Boston pitcher Jon Lester acknowledges the crowd at Fenway Park as he leaves during the eighth inning of Game 1 of the 2013 World Series against the St. Louis Cardinals. Lester finishes his career with a 200-117 record and a 3.66 ERA in 452 career games. AP Photo/David J. Phillip

Three-time World Series champion Jon Lester announced Wednesday that he’s retiring from baseball.

Lester, who won two titles with the Boston Red Sox in 2007 and 2013, and another with the Chicago Cubs in 2016, will go out as one of the greatest postseason pitchers of all-time.

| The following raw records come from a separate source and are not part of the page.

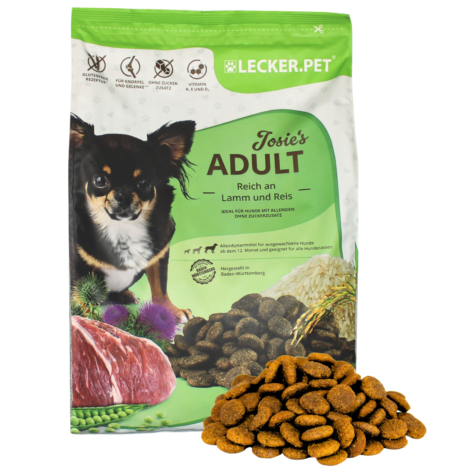 Das Adult Lamm & Reis Trockenfutter ist eine ausgewogene und schmackhafte Mahlzeit für erwachsene Hunde, die besonderen Wert auf eine hochverdauliche Ernährung legen. Der hohe Anteil an Reis (16 %) sorgt für eine leicht verdauliche Kohlenhydratquelle, während bewusst auf Weizen verzichtet wird, um die Verträglichkeit zu erhöhen.
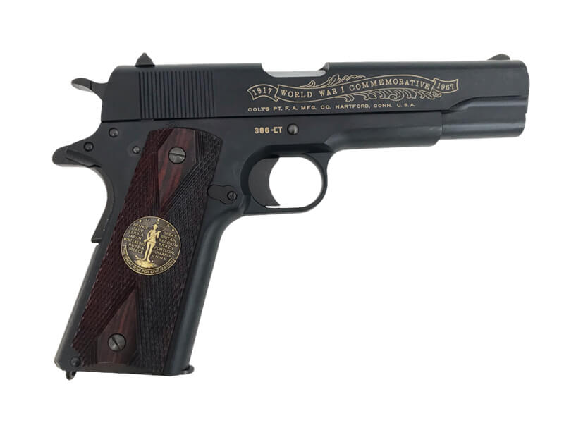 「大口径主義のアメリカ」の象徴とも云えるシングルアクション自動拳銃、 ガバメントの最初期モデルであるM1911。19世紀末の米比戦争で、当時採用していた.38口径弾(.38ロングコルト)の威力不足を痛感したアメリカ陸軍は、よりストッピングパワーの高い拳銃を模索するようになる。コルト社はこれに応え、ブローニング設計のM1900を原形とした大口径自動拳銃と、これに合わせて.45ロングコルト弾を自動拳銃用にブローニングが改修した.45ACP弾を用意した。
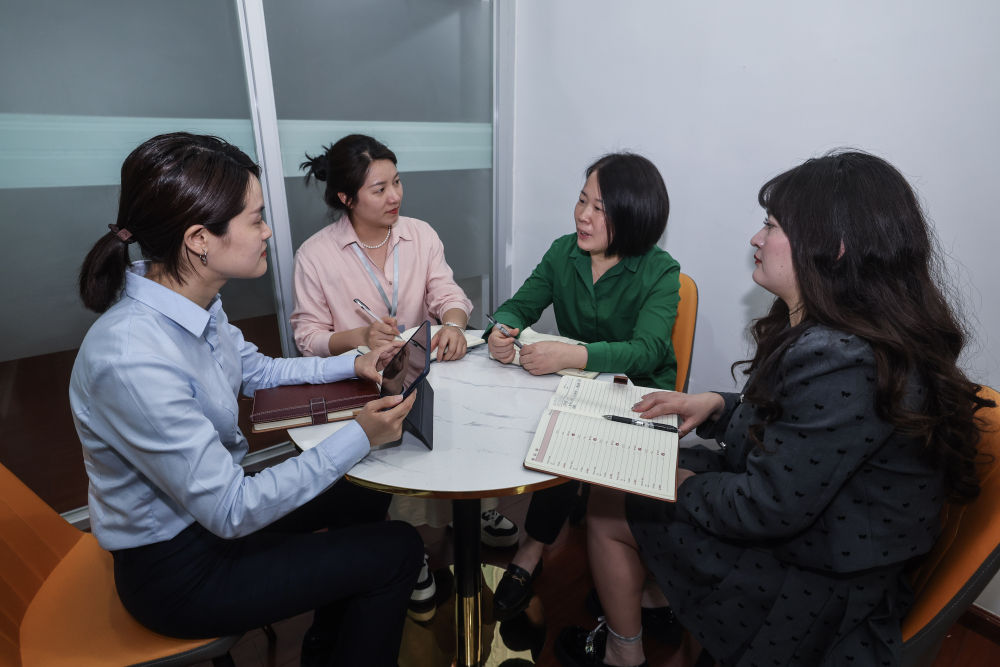 4月17日,在浙江星程吉月智能科技有限公司,富陽經(jīng)濟(jì)技術(shù)開發(fā)區(qū)助企服務(wù)專員(左二)、富陽農(nóng)商銀行工作人員(左一)上門解決企業(yè)融資需求。新華社記者 徐昱 攝
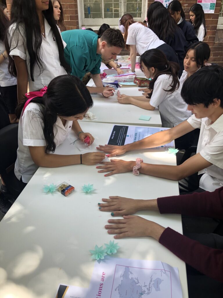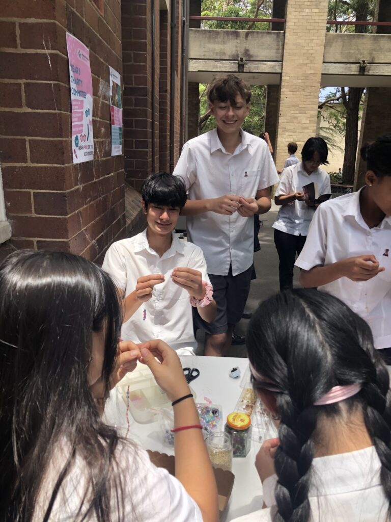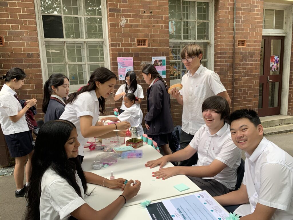 This year, the year 9 Charity and Social Justice committee has been supporting Women for Women International, an organisation that helps to empower women in countries across the globe to receive an education and economic opportunities. On Wednesday 10 December, to coincide with International Human Rights Day, we held interactive and informative stalls to help inform students about this organisation and its important work. Students wore pink and teal accessories, and had the opportunity to make friendship bracelets and have their nails painted in the charity’s colours while talking to our members. On the day, we raised $258.45. Thanks to everyone for their support of our event!

His 154 postseason innings rank eighth-most in baseball history, while his 2.51 ERA ranks fifth among all pitchers with at least 100 postseason innings.

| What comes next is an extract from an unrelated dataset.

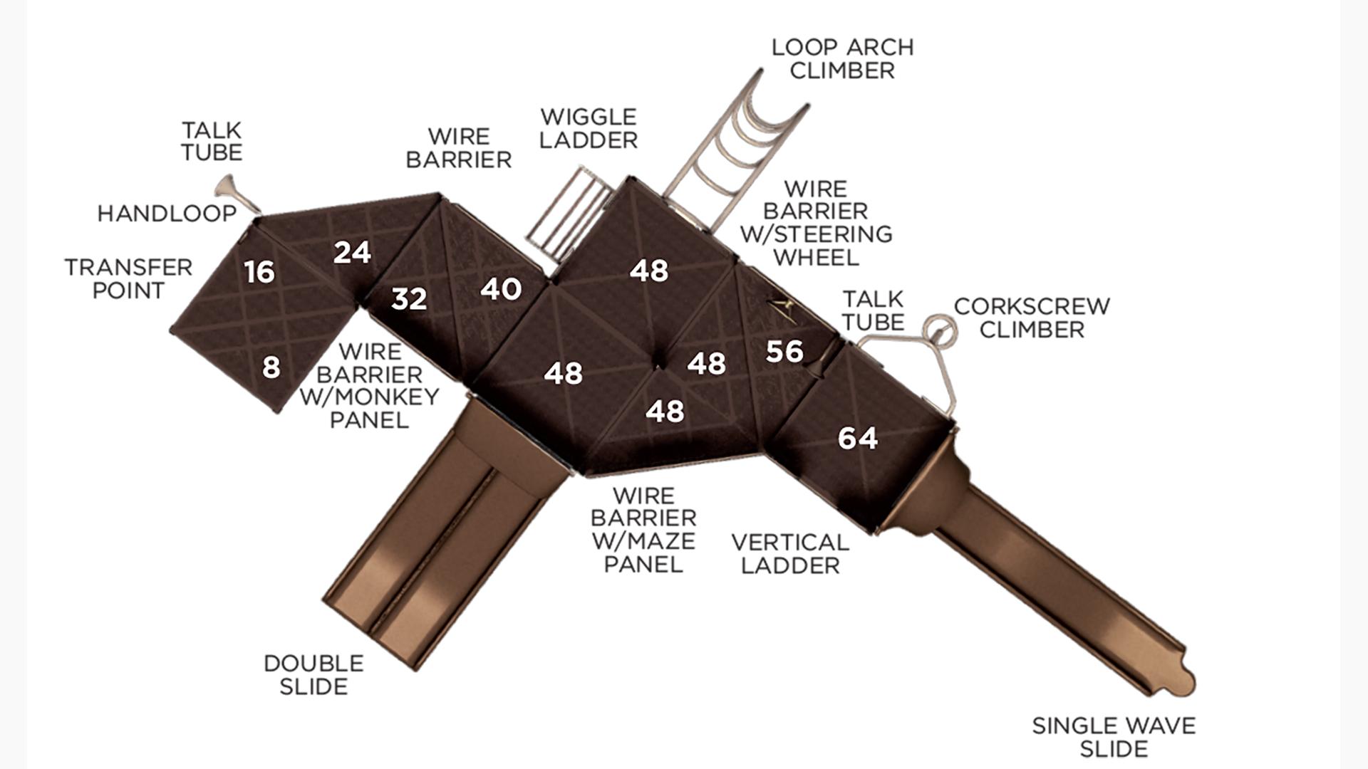 - Design 302 includes the following components: Corkscrew Climber, Double Slide, Handloop, Loop Arch Climber, Single Wave Slide, Talk Tube (2), Transfer Point, Vertical Ladder, Wiggle Ladder, Wire Barrier, Wire Barrier with Maze Panel, Wire Barrier with Monkey Panel and Wire Barrier with Steering Wheel
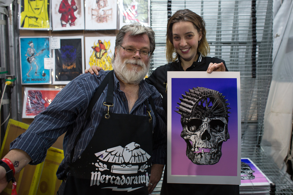 In addition to Wachiay Studio and since 2005, he developed live screenprinting demonstrations for the American Poster Institute (API) at Flatstock Rock Poster Shows in Seattle, Austin, Barcelona and Mexico City. He provides specialized consulting & training to screenprinters around the globe, including small one person studios, universities, and commercial clients such as Nike. Recently he was at the Advanced Materials lab at University of British Columbia, installing their first screenprinting press for research into flexible electronics and textiles.

The 38-year-old was 7-6 with a 4.71 ERA in 141-1/3 innings between the Nationals and Cardinals last year before he decided it was time to hang up the cleats.

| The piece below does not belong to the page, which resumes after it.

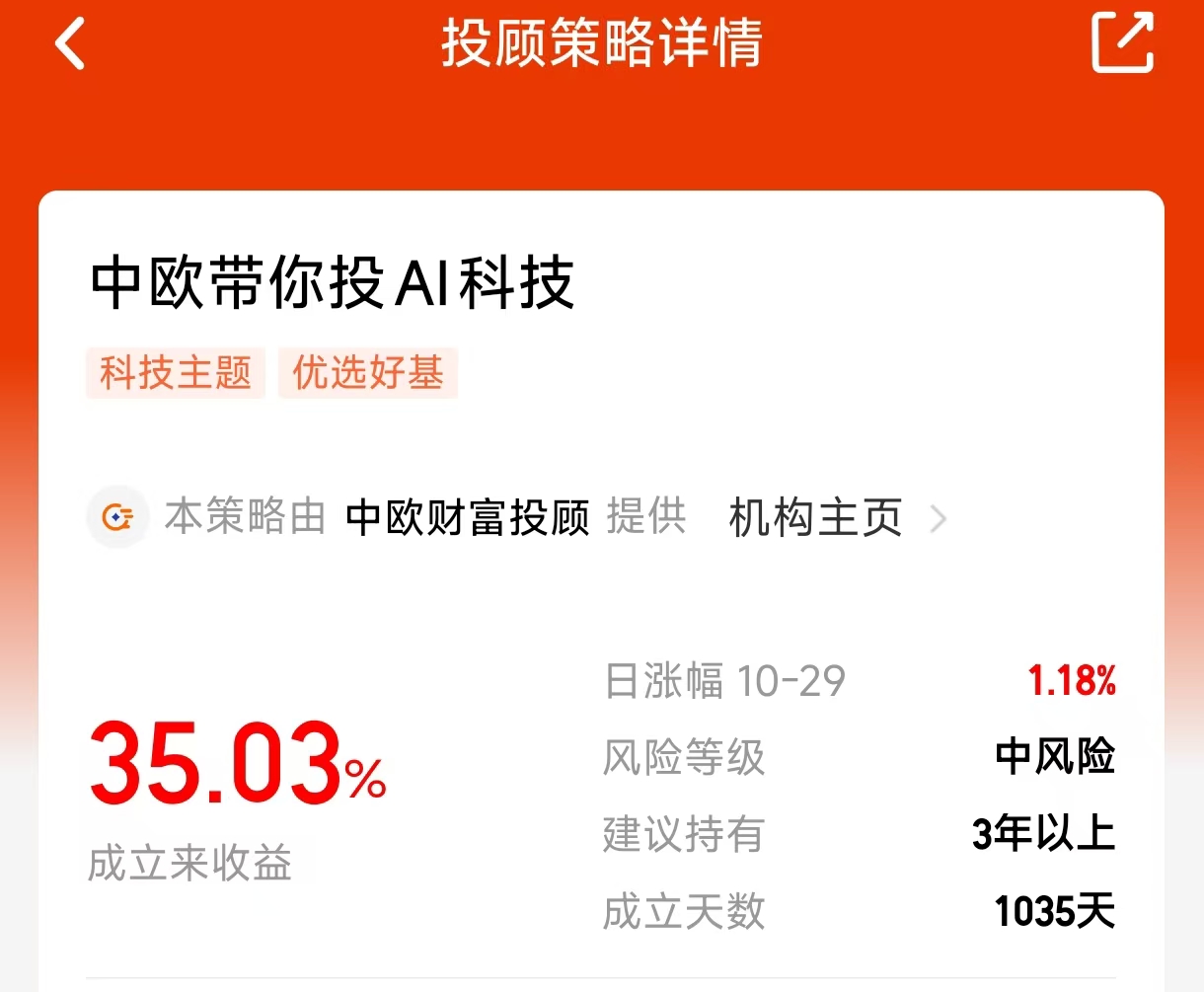 基金的投资需兼顾趋势与估值,但个人难以全面跟踪。中欧投顾团队的策略会定期分析市场变化,而“中欧带你投AI科技”也延续了这种动态管理思维。例如,组合在AI板块估值偏高时提示相关基金的风险,并通过增加低相关性资产平衡波动。这种持续优化使组合在近一年实现56%的收益,且波动相对可控。如果你认为科技是长期赛道,但希望避免大起大落,此类注重体验的投顾服务或许更适合你。#英伟达市值突破5万亿美元!啥信号?#

“It’s kind of run its course,” Lester told ESPN while announcing his retirement. “It’s getting harder for me physically. The little things that come up throughout the year turned into bigger things that hinder your performance. I’d like to think I’m a halfway decent self-evaluator. I don’t want someone else telling me I can’t do this anymore. I want to be able to hand my jersey over and say, ‘thank you, it’s been fun.’ That’s probably the biggest deciding factor.”

Lester, who started 26 games for the 2005 Portland Sea Dogs and one in 2007, began his impressive career in Boston in 2006, though it was quickly paused due to a battle with cancer. He was diagnosed with anaplastic large cell lymphoma and missed time due to chemotherapy treatments, but made a heroic return in ’07, when he pitched in three playoff games, including a five-inning scoreless performance in Game 4 of the World Series.


The 6-foot-4 lefty quickly became a fixture in the Red Sox rotation, where he spent the better part of seven seasons as the team’s ace.

Lester peaked in 2013, when he posted one of the most dazzling playoff runs in history. He averaged seven innings a start while putting up a 1.56 ERA and going 4-1 in five starts to lead the ’13 Sox to another title.

Overall, he went 110-63 with a 3.64 ERA in Boston before he was traded in the 2014 dump-off as the Sox unloaded much of their roster in the midst of a disappointing year.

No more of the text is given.